■ **To do**: Retype the listing below exactly, pictures removed.

■ **Exercise data**:
————
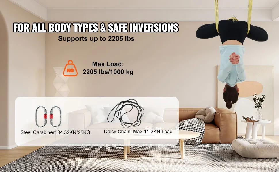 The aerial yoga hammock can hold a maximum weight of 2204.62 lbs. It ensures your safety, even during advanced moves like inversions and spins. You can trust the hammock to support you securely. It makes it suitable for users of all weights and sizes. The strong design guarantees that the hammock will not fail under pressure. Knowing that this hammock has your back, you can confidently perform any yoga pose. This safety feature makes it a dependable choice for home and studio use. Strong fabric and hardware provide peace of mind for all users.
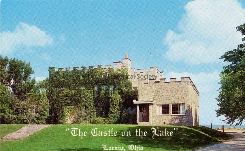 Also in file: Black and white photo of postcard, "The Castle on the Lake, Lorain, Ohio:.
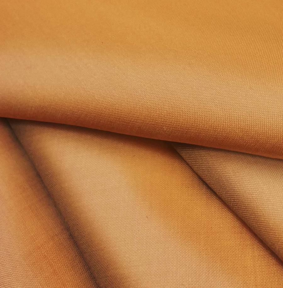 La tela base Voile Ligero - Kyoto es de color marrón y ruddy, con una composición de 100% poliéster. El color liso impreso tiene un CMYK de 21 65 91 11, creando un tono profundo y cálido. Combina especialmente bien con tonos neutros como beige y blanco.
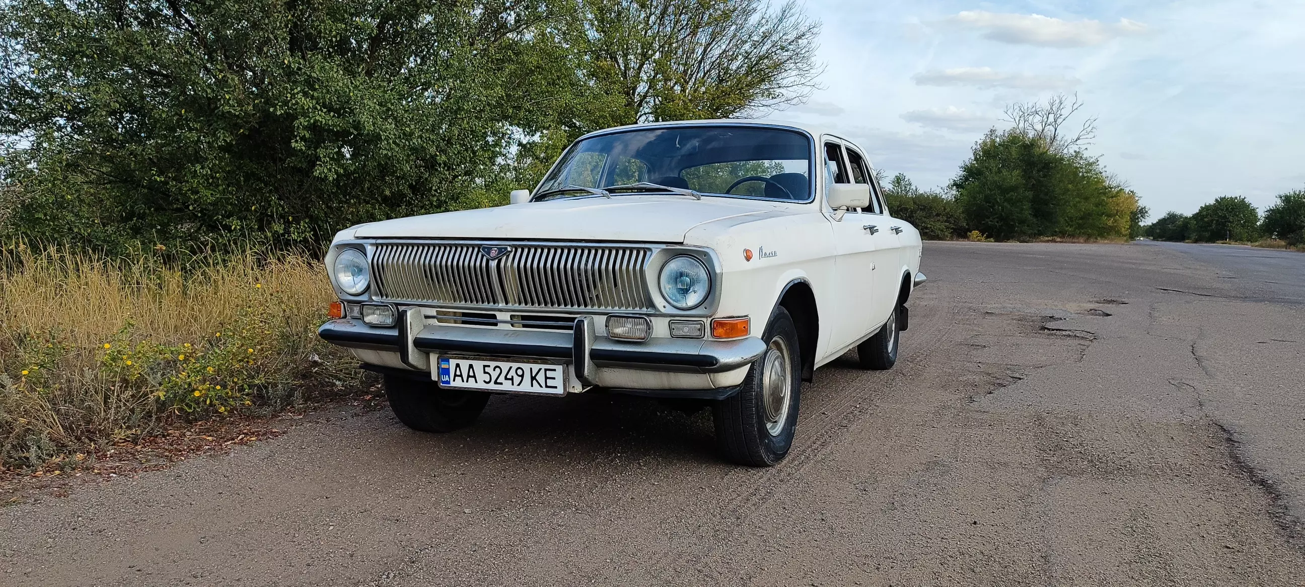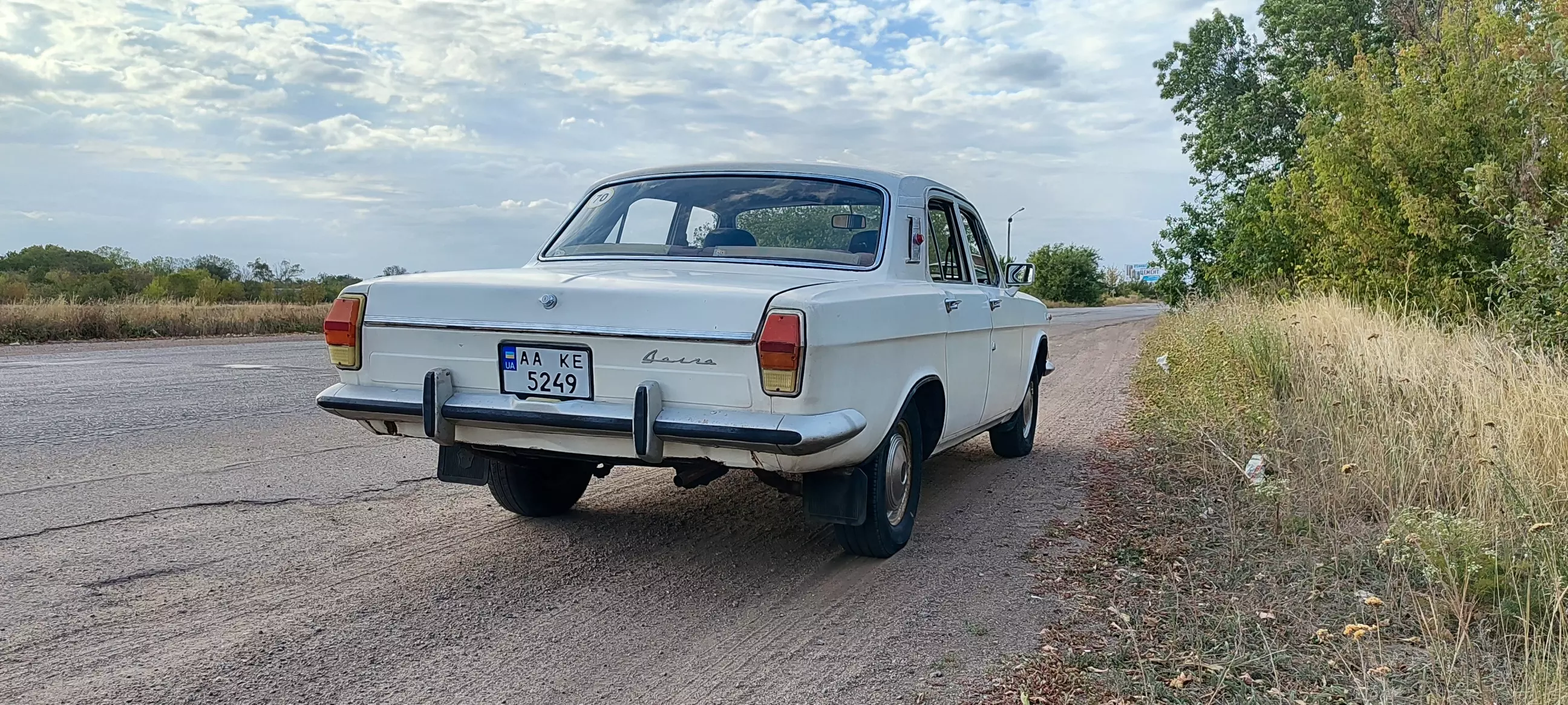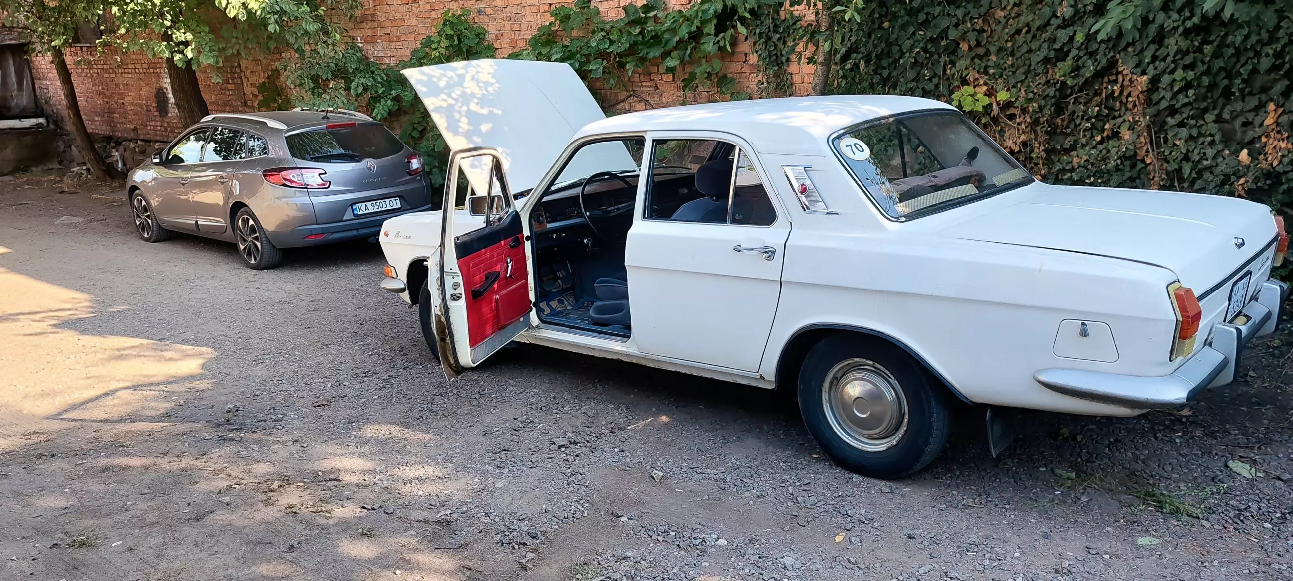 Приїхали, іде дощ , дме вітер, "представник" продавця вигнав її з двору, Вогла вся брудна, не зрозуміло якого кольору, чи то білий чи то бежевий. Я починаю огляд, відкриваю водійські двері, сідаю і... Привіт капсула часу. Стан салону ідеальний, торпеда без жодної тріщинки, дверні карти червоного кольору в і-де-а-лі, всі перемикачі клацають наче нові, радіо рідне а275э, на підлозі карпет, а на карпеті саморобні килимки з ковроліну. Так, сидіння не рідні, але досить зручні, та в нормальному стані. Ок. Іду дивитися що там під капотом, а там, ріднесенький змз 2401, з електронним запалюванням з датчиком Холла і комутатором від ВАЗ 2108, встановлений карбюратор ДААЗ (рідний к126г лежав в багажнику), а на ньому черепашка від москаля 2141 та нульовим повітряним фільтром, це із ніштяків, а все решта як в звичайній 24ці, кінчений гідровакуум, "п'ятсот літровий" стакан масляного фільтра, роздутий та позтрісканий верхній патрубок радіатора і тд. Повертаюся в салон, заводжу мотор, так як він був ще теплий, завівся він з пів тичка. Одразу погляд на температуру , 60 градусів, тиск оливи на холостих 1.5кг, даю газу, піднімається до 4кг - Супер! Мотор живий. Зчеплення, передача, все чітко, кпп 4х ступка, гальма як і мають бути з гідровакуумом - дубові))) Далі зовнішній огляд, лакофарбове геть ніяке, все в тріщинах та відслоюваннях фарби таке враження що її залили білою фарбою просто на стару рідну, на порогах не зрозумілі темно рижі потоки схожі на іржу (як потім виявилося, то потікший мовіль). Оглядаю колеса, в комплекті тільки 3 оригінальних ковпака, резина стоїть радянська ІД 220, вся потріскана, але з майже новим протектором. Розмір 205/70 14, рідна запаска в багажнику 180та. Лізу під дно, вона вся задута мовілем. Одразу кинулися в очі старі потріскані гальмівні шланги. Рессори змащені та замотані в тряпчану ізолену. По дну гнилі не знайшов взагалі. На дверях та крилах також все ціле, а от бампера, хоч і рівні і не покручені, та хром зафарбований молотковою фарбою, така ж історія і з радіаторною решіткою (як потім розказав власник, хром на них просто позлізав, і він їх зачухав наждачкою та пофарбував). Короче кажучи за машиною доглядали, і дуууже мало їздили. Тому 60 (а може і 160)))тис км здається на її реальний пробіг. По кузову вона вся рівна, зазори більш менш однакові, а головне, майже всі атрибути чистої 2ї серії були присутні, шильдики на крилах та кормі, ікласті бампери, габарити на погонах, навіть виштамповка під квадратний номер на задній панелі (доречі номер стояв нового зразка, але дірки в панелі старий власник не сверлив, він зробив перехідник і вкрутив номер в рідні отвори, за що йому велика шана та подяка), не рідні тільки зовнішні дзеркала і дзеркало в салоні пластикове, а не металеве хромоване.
————
■ **Response box**:
 The aerial yoga hammock can hold a maximum weight of 2204.62 lbs. It ensures your safety, even during advanced moves like inversions and spins. You can trust the hammock to support you securely. It makes it suitable for users of all weights and sizes. The strong design guarantees that the hammock will not fail under pressure. Knowing that this hammock has your back, you can confidently perform any yoga pose. This safety feature makes it a dependable choice for home and studio use. Strong fabric and hardware provide peace of mind for all users.
 Also in file: Black and white photo of postcard, "The Castle on the Lake, Lorain, Ohio:.
 La tela base Voile Ligero - Kyoto es de color marrón y ruddy, con una composición de 100% poliéster. El color liso impreso tiene un CMYK de 21 65 91 11, creando un tono profundo y cálido. Combina especialmente bien con tonos neutros como beige y blanco.
 Приїхали, іде дощ , дме вітер, "представник" продавця вигнав її з двору, Вогла вся брудна, не зрозуміло якого кольору, чи то білий чи то бежевий. Я починаю огляд, відкриваю водійські двері, сідаю і... Привіт капсула часу. Стан салону ідеальний, торпеда без жодної тріщинки, дверні карти червоного кольору в і-де-а-лі, всі перемикачі клацають наче нові, радіо рідне а275э, на підлозі карпет, а на карпеті саморобні килимки з ковроліну. Так, сидіння не рідні, але досить зручні, та в нормальному стані. Ок. Іду дивитися що там під капотом, а там, ріднесенький змз 2401, з електронним запалюванням з датчиком Холла і комутатором від ВАЗ 2108, встановлений карбюратор ДААЗ (рідний к126г лежав в багажнику), а на ньому черепашка від москаля 2141 та нульовим повітряним фільтром, це із ніштяків, а все решта як в звичайній 24ці, кінчений гідровакуум, "п'ятсот літровий" стакан масляного фільтра, роздутий та позтрісканий верхній патрубок радіатора і тд. Повертаюся в салон, заводжу мотор, так як він був ще теплий, завівся він з пів тичка. Одразу погляд на температуру , 60 градусів, тиск оливи на холостих 1.5кг, даю газу, піднімається до 4кг - Супер! Мотор живий. Зчеплення, передача, все чітко, кпп 4х ступка, гальма як і мають бути з гідровакуумом - дубові))) Далі зовнішній огляд, лакофарбове геть ніяке, все в тріщинах та відслоюваннях фарби таке враження що її залили білою фарбою просто на стару рідну, на порогах не зрозумілі темно рижі потоки схожі на іржу (як потім виявилося, то потікший мовіль). Оглядаю колеса, в комплекті тільки 3 оригінальних ковпака, резина стоїть радянська ІД 220, вся потріскана, але з майже новим протектором. Розмір 205/70 14, рідна запаска в багажнику 180та. Лізу під дно, вона вся задута мовілем. Одразу кинулися в очі старі потріскані гальмівні шланги. Рессори змащені та замотані в тряпчану ізолену. По дну гнилі не знайшов взагалі. На дверях та крилах також все ціле, а от бампера, хоч і рівні і не покручені, та хром зафарбований молотковою фарбою, така ж історія і з радіаторною решіткою (як потім розказав власник, хром на них просто позлізав, і він їх зачухав наждачкою та пофарбував). Короче кажучи за машиною доглядали, і дуууже мало їздили. Тому 60 (а може і 160)))тис км здається на її реальний пробіг. По кузову вона вся рівна, зазори більш менш однакові, а головне, майже всі атрибути чистої 2ї серії були присутні, шильдики на крилах та кормі, ікласті бампери, габарити на погонах, навіть виштамповка під квадратний номер на задній панелі (доречі номер стояв нового зразка, але дірки в панелі старий власник не сверлив, він зробив перехідник і вкрутив номер в рідні отвори, за що йому велика шана та подяка), не рідні тільки зовнішні дзеркала і дзеркало в салоні пластикове, а не металеве хромоване.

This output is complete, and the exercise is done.